▶ [YOUR GOAL]
What you write should be an exact copy of the material, from its first line through the line containing "SKIP HOP Zoo".

━━━━━━━━━━━━━━━━━━━━━━━━━━━━━━

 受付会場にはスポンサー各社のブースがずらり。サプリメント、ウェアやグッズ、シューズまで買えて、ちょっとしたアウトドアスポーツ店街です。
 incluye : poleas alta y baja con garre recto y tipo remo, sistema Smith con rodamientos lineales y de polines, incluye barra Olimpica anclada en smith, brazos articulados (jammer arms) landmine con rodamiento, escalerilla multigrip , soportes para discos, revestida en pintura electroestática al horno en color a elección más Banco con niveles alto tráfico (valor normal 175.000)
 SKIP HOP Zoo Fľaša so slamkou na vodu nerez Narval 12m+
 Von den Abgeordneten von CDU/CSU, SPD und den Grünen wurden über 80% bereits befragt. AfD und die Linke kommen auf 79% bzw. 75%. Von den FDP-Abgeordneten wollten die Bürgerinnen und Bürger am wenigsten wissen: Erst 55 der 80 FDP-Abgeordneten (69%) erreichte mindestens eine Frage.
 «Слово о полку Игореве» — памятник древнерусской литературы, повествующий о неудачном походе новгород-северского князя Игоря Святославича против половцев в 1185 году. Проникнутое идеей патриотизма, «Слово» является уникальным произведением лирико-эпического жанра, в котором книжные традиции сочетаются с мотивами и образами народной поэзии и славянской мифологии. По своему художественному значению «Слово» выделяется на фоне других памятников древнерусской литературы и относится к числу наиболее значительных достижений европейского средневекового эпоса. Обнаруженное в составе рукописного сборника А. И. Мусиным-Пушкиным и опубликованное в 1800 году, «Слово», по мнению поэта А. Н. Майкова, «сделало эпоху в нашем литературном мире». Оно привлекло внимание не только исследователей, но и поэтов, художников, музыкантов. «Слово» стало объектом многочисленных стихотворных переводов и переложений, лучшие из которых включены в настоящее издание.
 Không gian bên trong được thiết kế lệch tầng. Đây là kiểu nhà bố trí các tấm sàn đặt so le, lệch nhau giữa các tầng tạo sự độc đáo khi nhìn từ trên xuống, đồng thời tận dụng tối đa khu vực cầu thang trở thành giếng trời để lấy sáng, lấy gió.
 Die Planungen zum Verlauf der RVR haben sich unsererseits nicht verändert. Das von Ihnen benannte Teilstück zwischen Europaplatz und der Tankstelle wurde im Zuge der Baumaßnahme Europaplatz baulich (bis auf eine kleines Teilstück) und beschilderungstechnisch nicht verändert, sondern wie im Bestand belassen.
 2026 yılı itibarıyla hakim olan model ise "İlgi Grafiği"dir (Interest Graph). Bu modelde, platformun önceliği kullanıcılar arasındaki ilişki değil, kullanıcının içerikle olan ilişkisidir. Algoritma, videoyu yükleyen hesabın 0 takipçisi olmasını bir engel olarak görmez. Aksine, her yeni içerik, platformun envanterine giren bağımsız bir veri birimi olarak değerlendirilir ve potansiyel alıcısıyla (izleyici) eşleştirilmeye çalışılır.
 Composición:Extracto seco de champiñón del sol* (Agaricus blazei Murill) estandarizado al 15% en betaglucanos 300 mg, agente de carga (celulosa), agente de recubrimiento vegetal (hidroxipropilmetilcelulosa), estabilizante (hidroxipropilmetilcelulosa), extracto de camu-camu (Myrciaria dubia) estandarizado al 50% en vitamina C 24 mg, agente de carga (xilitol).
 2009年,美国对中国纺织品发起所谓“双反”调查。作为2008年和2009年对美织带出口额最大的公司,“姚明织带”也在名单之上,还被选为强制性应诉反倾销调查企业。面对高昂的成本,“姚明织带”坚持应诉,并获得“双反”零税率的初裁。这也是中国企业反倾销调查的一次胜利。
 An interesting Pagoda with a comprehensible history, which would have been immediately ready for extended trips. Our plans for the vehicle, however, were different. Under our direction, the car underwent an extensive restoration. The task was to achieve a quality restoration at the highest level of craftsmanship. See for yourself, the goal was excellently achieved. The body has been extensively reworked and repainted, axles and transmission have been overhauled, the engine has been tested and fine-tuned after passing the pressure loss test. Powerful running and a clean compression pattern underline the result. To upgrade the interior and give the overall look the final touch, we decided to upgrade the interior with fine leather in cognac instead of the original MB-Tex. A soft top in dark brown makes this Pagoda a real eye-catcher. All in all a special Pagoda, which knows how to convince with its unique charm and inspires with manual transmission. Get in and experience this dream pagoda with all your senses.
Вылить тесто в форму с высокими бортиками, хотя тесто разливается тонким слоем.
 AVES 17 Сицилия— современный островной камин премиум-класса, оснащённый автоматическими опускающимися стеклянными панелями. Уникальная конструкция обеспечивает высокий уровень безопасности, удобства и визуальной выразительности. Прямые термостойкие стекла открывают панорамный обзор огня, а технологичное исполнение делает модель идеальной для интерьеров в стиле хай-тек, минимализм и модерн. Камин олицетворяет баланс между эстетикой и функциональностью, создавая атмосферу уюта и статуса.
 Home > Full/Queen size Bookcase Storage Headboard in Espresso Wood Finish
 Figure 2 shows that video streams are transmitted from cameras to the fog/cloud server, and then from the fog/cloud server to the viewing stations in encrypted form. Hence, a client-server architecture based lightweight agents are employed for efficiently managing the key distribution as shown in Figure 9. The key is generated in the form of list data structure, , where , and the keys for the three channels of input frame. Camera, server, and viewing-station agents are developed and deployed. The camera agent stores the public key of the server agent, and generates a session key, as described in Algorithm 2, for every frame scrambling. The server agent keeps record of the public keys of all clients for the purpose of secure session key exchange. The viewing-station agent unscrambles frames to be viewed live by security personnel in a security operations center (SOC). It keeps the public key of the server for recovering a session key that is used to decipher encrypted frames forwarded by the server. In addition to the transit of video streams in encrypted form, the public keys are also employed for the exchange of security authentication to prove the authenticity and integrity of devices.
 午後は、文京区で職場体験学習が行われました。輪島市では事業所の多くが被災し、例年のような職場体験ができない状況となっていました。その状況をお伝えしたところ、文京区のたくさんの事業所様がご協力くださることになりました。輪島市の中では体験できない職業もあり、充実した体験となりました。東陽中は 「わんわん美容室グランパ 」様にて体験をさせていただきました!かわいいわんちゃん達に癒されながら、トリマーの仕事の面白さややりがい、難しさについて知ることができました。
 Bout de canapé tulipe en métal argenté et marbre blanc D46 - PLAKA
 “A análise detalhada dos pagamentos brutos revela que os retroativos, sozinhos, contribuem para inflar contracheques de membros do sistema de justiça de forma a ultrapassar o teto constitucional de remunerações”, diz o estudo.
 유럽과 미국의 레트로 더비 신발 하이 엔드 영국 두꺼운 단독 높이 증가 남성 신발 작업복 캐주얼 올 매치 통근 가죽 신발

━━━━━━━━━━━━━━━━━━━━━━━━━━━━━━

▶ [WORKED SOLUTION]
 受付会場にはスポンサー各社のブースがずらり。サプリメント、ウェアやグッズ、シューズまで買えて、ちょっとしたアウトドアスポーツ店街です。
 incluye : poleas alta y baja con garre recto y tipo remo, sistema Smith con rodamientos lineales y de polines, incluye barra Olimpica anclada en smith, brazos articulados (jammer arms) landmine con rodamiento, escalerilla multigrip , soportes para discos, revestida en pintura electroestática al horno en color a elección más Banco con niveles alto tráfico (valor normal 175.000)
 SKIP HOP Zoo Fľaša so slamkou na vodu nerez Narval 12m+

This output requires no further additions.